After the formation of precipitates, they need to be separated from the solution for further processing and purification. Separation is usually done through techniques like filtration or sedimentation. Once separated, precipitates can undergo additional purification processes, such as washing and recrystallization, to remove impurities and obtain high-purity REE compounds (Boudreault et al., 2015).
Precipitation offers advantages such as the ability to obtain high-purity solid compounds and the possibility to adjust reaction conditions to control selectivity. However, it is essential to consider the optimization of precipitation parameters, such as REE ion concentration in the solution, pH, and concentration of the precipitating agent, to maximize process efficiency and avoid the formation of undesirable precipitates (Gupta & Krishnamurthy, 1992; Han, 2020).
5.2. Adsorption
Adsorption is an effective extraction method used to recover REEs from coal ashes. In this process, adsorbent materials with an affinity for REEs are used to capture them from the aqueous solution. Adsorption involves the interaction between REEs in the aqueous solution and the surface of the adsorbent material. Used adsorbent materials can be inorganic compounds, polymers, zeolites, or other materials with functional groups that have an affinity for REEs (Zhang et al., 2020). REEs adhere to the surface of the adsorbent material due to electrostatic forces, chemical bonds, or Van der Waals interactions (Pathapati et al., 2023).

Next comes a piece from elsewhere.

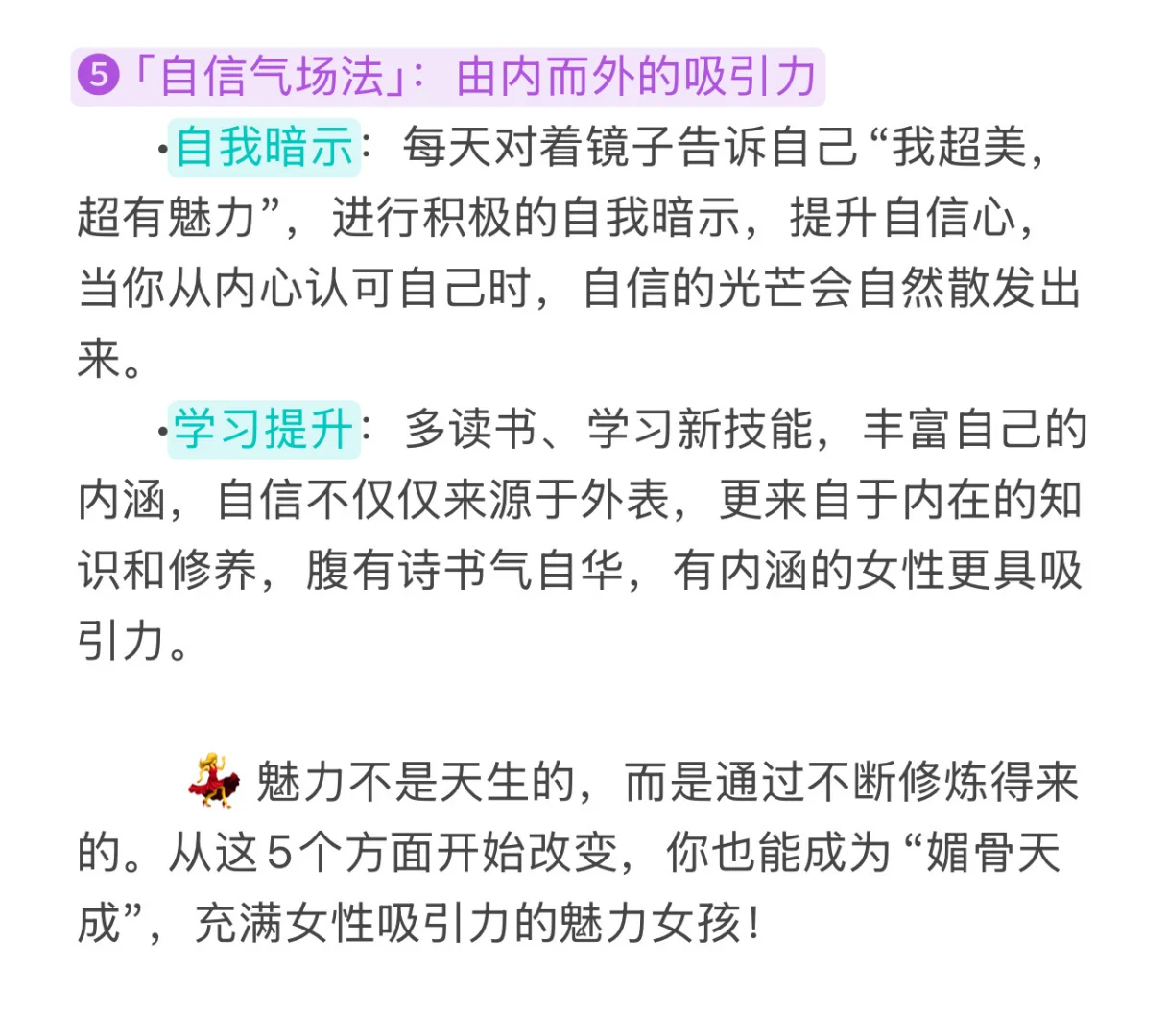 🔹「自信气场法」:对镜喊“我超美”,多读书学技能,腹有诗书的自信女孩谁不爱?📚

The adsorption process generally involves bringing treated coal ashes into contact with the adsorbent material. During this contact, REEs present in the solution are captured by the adsorbent material. Then, the REE-loaded adsorbent material is separated from the solution and undergoes a desorption process to release the captured REEs (Amirshahi & Jorjani, 2023).
Adsorption offers advantages such as high selectivity and the ability to concentrate REEs on the surface of the adsorbent material. However, it also presents challenges such as optimizing adsorption and desorption conditions, as well as regenerating the adsorbent material for reuse (Molina-Calderón et al., 2022).
Desorption and REE Recovery Desorption is a crucial process in the recovery of REEs captured on adsorbent materials. This process involves the controlled and selective release of previously adsorbed REEs from the material, allowing for their subsequent recovery and purification. Desorption is carried out through the application of specific conditions that alter the affinity between REEs and the adsorbent material (Gupta & Krishnamurthy, 1992).
One common method to achieve desorption is by modifying the pH of the system. Changes in pH can influence the chemical interactions and surface charge levels of both REEs and the adsorbent material. By carefully adjusting the pH of the medium, it’s possible to decrease the affinity between REEs and the adsorbent material, resulting in the release of captured REEs. Temperature can also play a role in desorption, as an increase in temperature can enhance the kinetic energy of particles and reduce the interaction forces between REEs and the adsorbent material (Smith et al., 2016).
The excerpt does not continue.